--- START ---

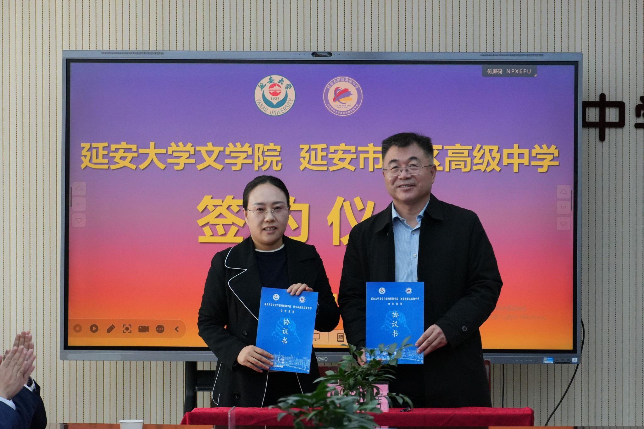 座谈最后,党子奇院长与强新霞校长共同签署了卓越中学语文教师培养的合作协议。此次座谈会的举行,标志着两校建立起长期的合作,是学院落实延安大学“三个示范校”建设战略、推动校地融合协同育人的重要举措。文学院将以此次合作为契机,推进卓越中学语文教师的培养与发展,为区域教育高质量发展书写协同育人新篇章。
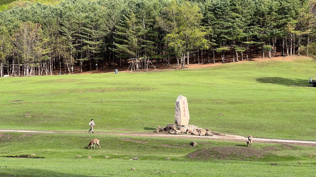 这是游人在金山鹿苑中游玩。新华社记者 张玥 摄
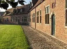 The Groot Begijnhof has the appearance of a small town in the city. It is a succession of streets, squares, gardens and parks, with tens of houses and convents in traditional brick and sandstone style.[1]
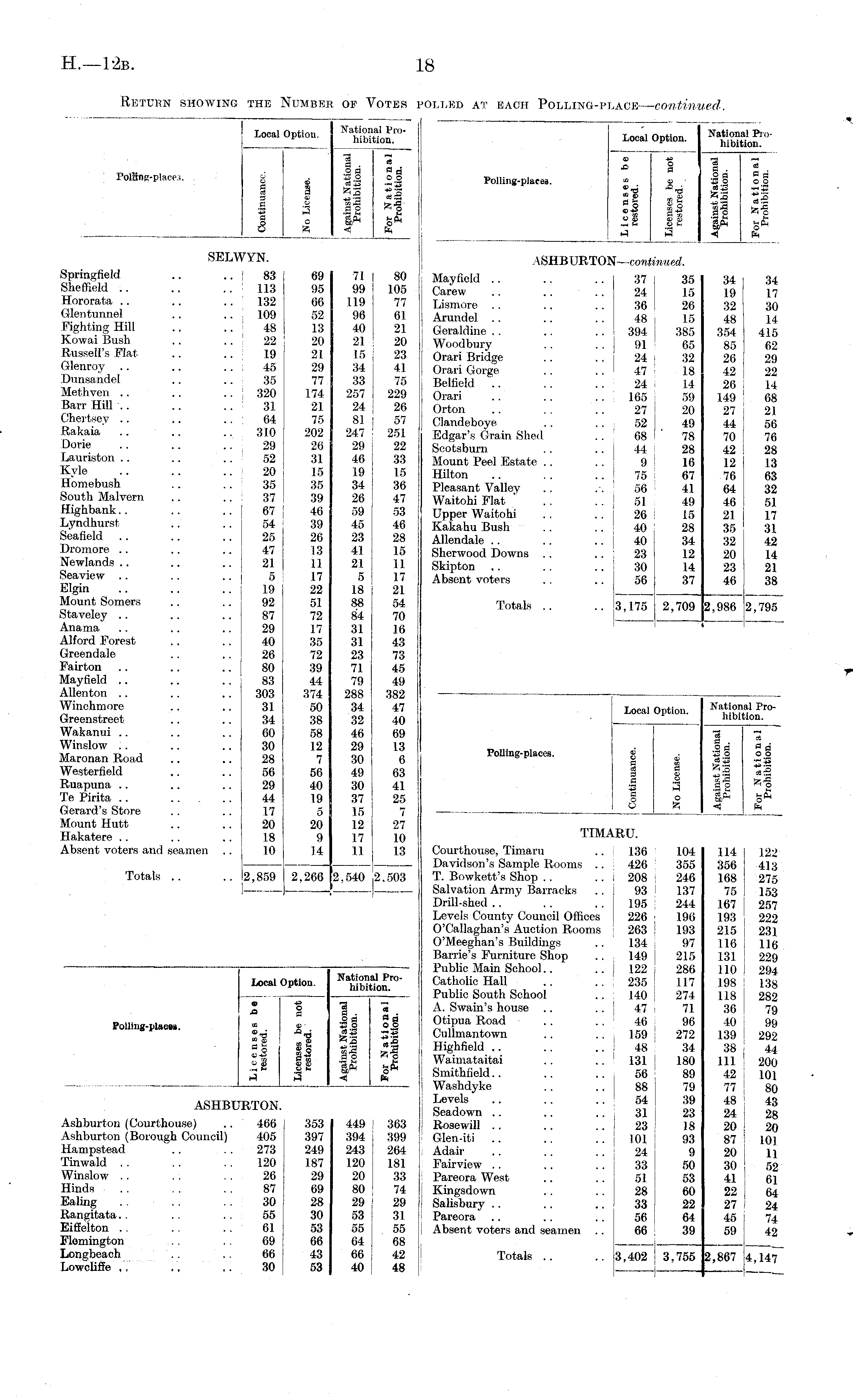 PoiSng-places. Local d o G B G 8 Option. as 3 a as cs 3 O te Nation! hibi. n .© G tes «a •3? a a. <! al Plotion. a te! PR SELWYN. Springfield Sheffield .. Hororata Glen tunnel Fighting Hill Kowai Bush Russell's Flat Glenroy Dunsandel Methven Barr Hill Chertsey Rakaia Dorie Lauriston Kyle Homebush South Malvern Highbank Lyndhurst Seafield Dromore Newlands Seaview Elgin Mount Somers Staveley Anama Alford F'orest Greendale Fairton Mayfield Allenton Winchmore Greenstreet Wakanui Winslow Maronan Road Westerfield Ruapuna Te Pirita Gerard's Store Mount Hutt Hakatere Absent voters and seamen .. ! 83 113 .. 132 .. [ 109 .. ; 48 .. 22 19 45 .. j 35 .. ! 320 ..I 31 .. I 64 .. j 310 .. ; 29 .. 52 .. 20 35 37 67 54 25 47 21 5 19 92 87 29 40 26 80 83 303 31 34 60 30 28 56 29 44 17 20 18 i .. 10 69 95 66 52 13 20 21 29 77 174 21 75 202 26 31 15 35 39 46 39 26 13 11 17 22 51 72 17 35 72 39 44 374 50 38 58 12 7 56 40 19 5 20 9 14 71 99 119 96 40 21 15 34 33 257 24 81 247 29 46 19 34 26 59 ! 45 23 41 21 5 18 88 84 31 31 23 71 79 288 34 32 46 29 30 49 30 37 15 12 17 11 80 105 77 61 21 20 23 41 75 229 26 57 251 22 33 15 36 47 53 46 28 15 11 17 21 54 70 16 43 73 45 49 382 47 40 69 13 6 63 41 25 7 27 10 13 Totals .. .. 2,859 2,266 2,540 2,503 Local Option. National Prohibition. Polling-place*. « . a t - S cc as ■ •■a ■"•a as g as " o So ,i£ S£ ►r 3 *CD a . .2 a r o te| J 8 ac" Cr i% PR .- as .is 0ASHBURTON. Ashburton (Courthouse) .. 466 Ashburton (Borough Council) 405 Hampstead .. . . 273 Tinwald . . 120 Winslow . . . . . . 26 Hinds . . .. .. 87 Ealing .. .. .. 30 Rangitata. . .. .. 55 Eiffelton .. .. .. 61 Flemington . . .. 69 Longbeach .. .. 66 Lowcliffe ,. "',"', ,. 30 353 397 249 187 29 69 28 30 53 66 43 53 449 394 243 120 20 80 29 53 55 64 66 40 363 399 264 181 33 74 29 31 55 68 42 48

--- END ---

## Assignment
Print the data exactly, from its first line to the line containing "The Groot Begijnhof", both included. Omit the pictures.

## Solution
 座谈最后,党子奇院长与强新霞校长共同签署了卓越中学语文教师培养的合作协议。此次座谈会的举行,标志着两校建立起长期的合作,是学院落实延安大学“三个示范校”建设战略、推动校地融合协同育人的重要举措。文学院将以此次合作为契机,推进卓越中学语文教师的培养与发展,为区域教育高质量发展书写协同育人新篇章。
 这是游人在金山鹿苑中游玩。新华社记者 张玥 摄
 The Groot Begijnhof has the appearance of a small town in the city. It is a succession of streets, squares, gardens and parks, with tens of houses and convents in traditional brick and sandstone style.[1]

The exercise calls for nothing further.